Replies to post #33590 on Advanced Micro Devices Inc (AMD)

[CombJelly]

"83mm2 for 512K and 114mm2 for 1MB don't add up."

It is closer than 102mm^2 for 512k and 114mm^2 for 1 meg. It might if they can't shrink the cache transistors on the same scale as the logic ones.

Or it might be that the 114mm^2 value for the 1MB Opteron isn't valid any more. Or none of the numbers we've seen are correct.

[sgolds]

Rink, CJ, shrinks: Let's look at those numbers -

130nm 1MB Opteron: 193mm2
130nm 512K A64: 150mm2

90nm 1MB Opteron: 114mm2
90nm 512K A64: 83mm2

Implies:

512K 130nm cache = 43mm2
512K 090nm cache = 31mm2, a 28% savings

1MB 130nm cache = 86mm2
1MB 090nm cache = 62mm2 (simply doubled the 512K amounts)

130nm K8, zero cache = 107mm2 (193 - 86 = 150 - 43, check!)
090nm K8, zero cache = 052mm2 (114 - 62 = 083 - 31, check!)

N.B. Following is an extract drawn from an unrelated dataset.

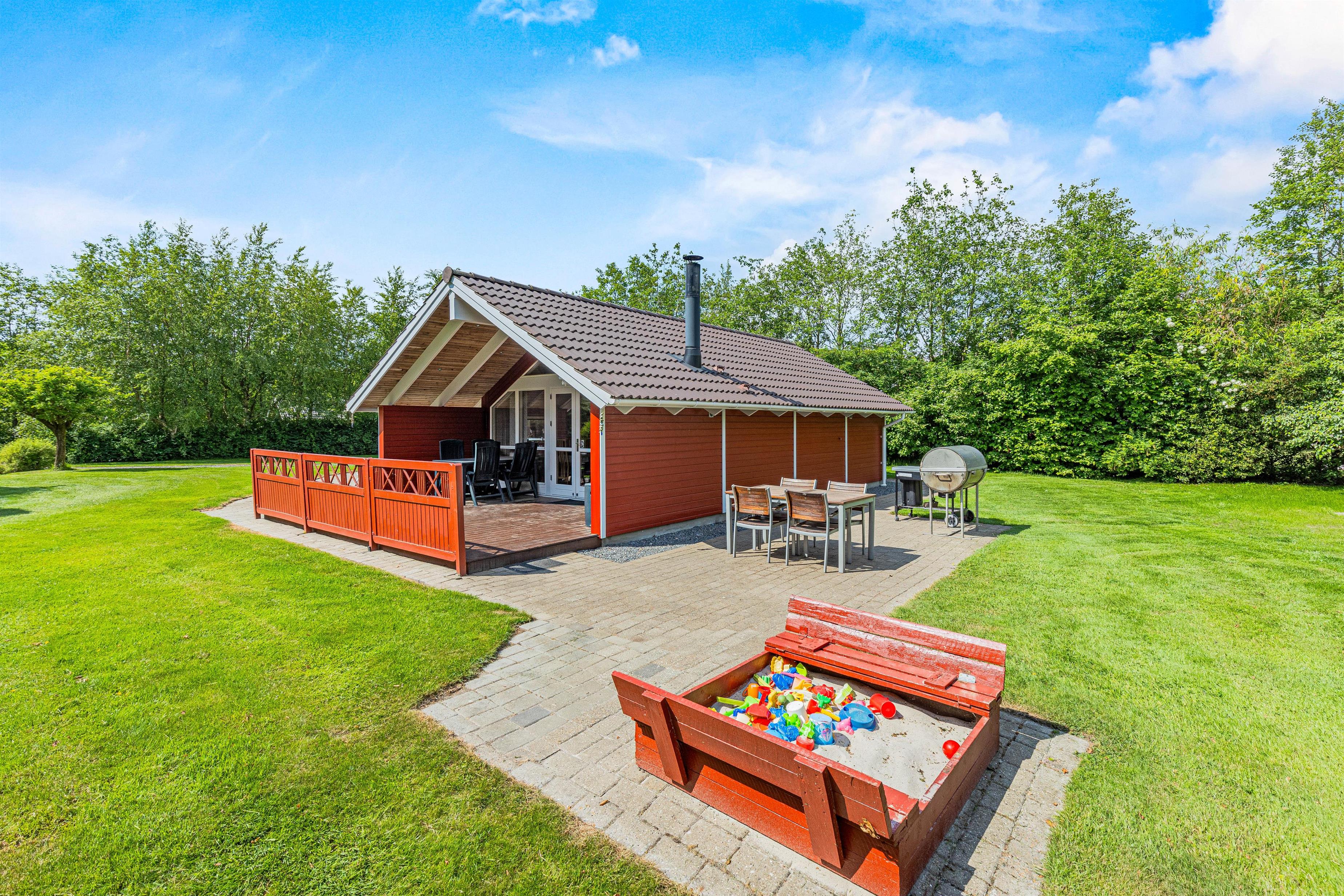 Sommerhuset er stort set omgivet af terrassen og selvfølgelig den store græsplæne, så I hele dagen kan følge med solen og nyde det gode vejr på bedste vis. Læn jer godt tilbage og lad alle hverdagens strabadser blive hjemme, mens børnene leger i sandkassen og på gyngestativet.

So far, so good. If we assume that the core of 90nm A64 and Opteron are the same then we can conclude that 90nm A64 has the same number of HT connections and memory controllers as the 90nm Opteron.

It is curious that the cache improves only 28% while the rest of the chip improves 51%. Now we know that the roadmap shows 3 different Opteron parts at 90nm. Putting it all together:

1. A64 needs only 1 HT connection;
2. 1XX Opteron needs only 1 HT connection;
3. 1XX 130nm Opteron has 3 HT connections, 2 silent;
4. 90nm zero cache size improved more than a shrink would predict;
5. At 90nm (sockets 940, 939) both Opteron and A64 use 2 memory controllers.

This leads me to conclude that the Opteron used for this example only has 1 HT (1XX model only) and the extra space savings came from dropping the two unused HTs.